Dalam kompleks Al-Haram asy-Syarif , selain Kubah Batu, terdapat dua bangunan lain, yaitu Kubah Silsilah (Qubbah as-Silsilah) dan Masjidilaksa (al-Masjid al-Aqsa). Kubah Silsilah adalah bangunan yang lebih kecil di timur Kubah Batu.
Pada dasarnya Kubah Batu bukanlah bangunan yang merepresentasikan budaya Islam, meskipun kenyataannya bangunan ini didirikan oleh orang-orang Muslim atau sekurang-kurangnya atas perintah orang-orang Muslim, dan mempunyai fungsi yang berkaitan dengan penaklukan Islam atas musuh-musuhnya. Kubah Batu sebenarnya adalah monumen untuk kemenangan itu.
Yang membuat Kubah Batu itu merupakan bangunan Islam bukan bentuknya, tetapi tujuannya. Tujuan tersebut diungkapkan bukan dalam bahasa artistik yang dimilikinya melainkan dengan cara non-arsitektural, yakni tulisan-tulisan Arab yang terdapat pada bagian dinding bangunan tersebut.
Kubah Batu berbeda dengan masjid dalam bentuk maupun dalam tujuan. Bangunan monumental bagi umat Islam ini memiliki desain dan corak arsitektur yang tidak terlalu khas bangunan tempat ibadah umat Islam. Secara keseluruhan, bangunan ini justru didasarkan pada model-model pra-Islam. Karenanya, rancangan Kubah Batu meniru tipe memusat (terfokus pada sebuah pusat) yang biasa digunakan untuk tempat-tempat pembaptisan dan bangunan gereja.
Perancangan Kubah Batu sangat mendasarkan pada perhitungan geometris, terutama dalam menentukan bentuk dan titik-titik pada denah bangunan. Bentuk denahnya yang segi delapan (oktagonal) berbeda dengan prinsip bangunan masjid. Bentuk denah seperti inilah yang menyebabkan arah kiblat menjadi kabur.
Bentuk oktagonal ini dengan nyata dimaksudkan sebagai simbol kekuasaan. Dalam hal ini, sebuah bundaran dilingkungi oleh sebuah oktagon dalam oktagon lain. Ini merupakan pola geometris sederhana yang dapat dibuat dari penempatan sebuah bujur sangkar pada bujur sangkar lain dengan memutarnya 45 derajat. Kolom berbentuk sama sebanyak enam belas bersama pilaster di setiap sudutnya tampak menyangga atap keliling. Pola seperti ini biasa ditemukan pada karya arsitektur Bizantium.
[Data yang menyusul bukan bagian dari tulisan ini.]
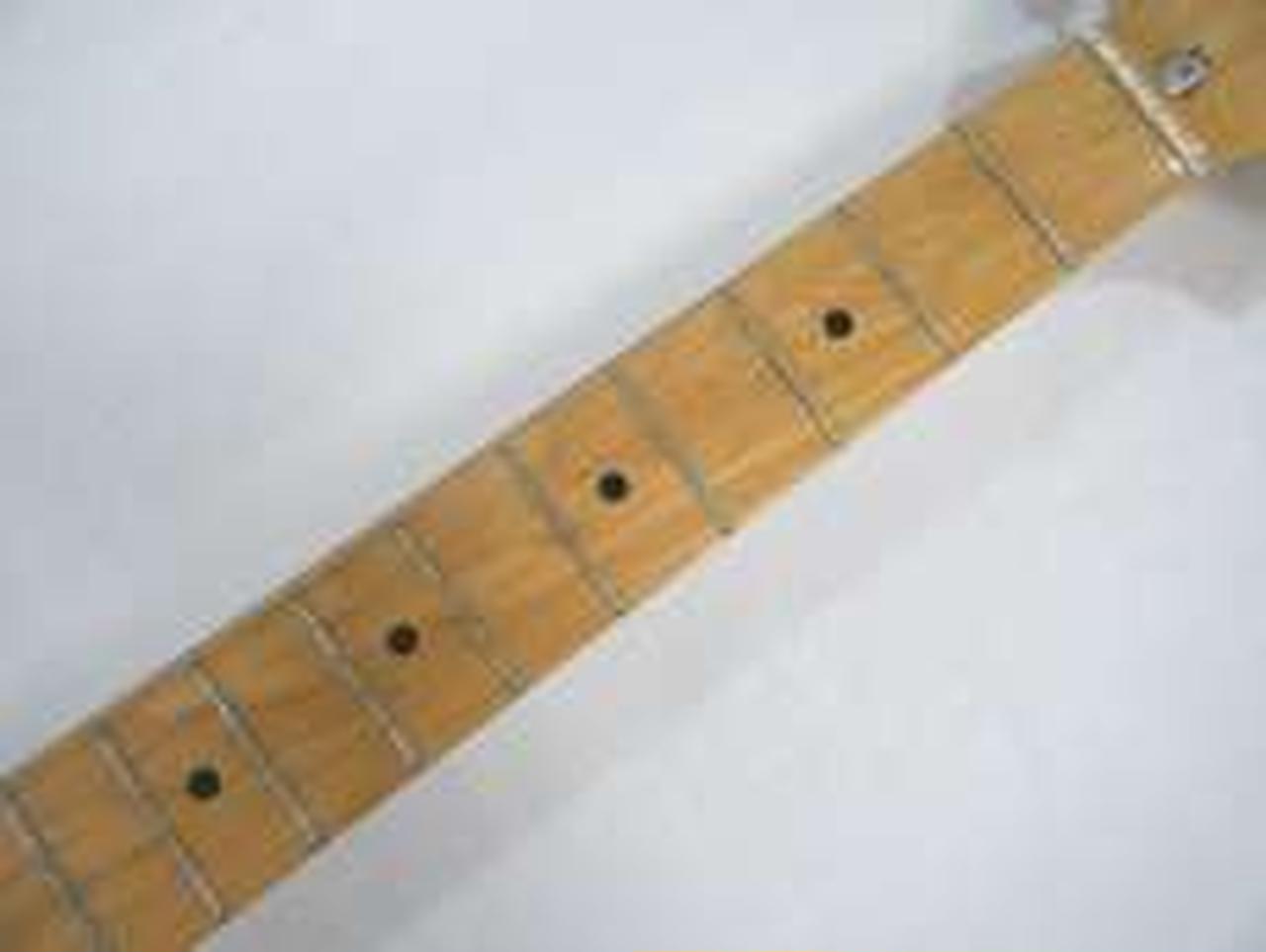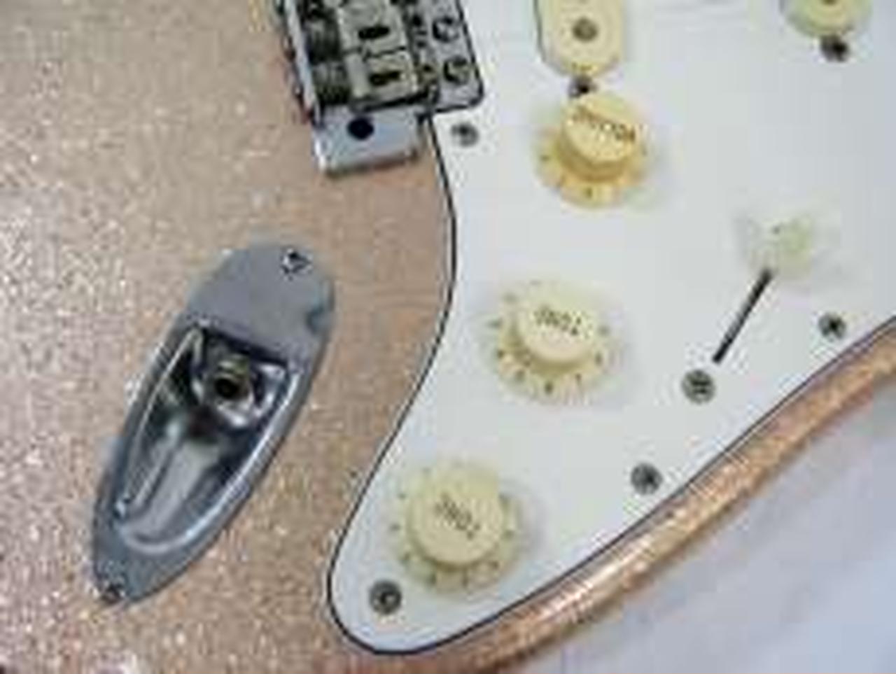キズ: ヘッドのフチに小傷があります。ネック裏に小傷や小さな凹みがあります。ピックガードは無数の小さな傷があります。金属部にはサビやくすみ、、傷があります。 |

Gaya Bizantium juga bisa kita saksikan pada desain bagian dalam (interior) bangunan Kubah Batu ini. Di dalam dekorasi bangunan monumental itu banyak terdapat mozaik-mozaik yang menunjukkan perpaduan motif-motif Sasanid dan Bizantium yang merupakan karakteristik seni Islam awal. Interior itu dihiasi secara mewah dengan beraneka ragam warna dan bahan material pada ornamennya. Bahan material yang digunakan pada ornamen Kubah Batu banyak menggunakan marmer, mozaik, keramik, dan lapisan emas.
Kubah Batu telah mengalami beberapa kali perbaikan dalam sejarahnya yang panjang. Salah satu perbaikan yang paling penting dilakukan pada abad ke-16 M pada masa pemerintahan Sultan Sulaiman Yang Agung (1520-1566). Perbaikan itu dilakukan dengan menutupi bagian luar (eksterior) bangunan dengan ubin keramik yang dilapisi kaca yang menutupi mozaik sebelumnya. Ubin keramik itu adalah pelopor ubin Iznik yang menjadi ciri khas penting arsitektur Usmani.
Ubin yang menutupi bangunan itu sekarang ditambahkan pada 1968. Pada waktu yang bersamaan, Kubah Batu dilapisi dengan emas untuk pertama kali. Lapisan emas yang ada sekarang dibuat pada tahun 1993.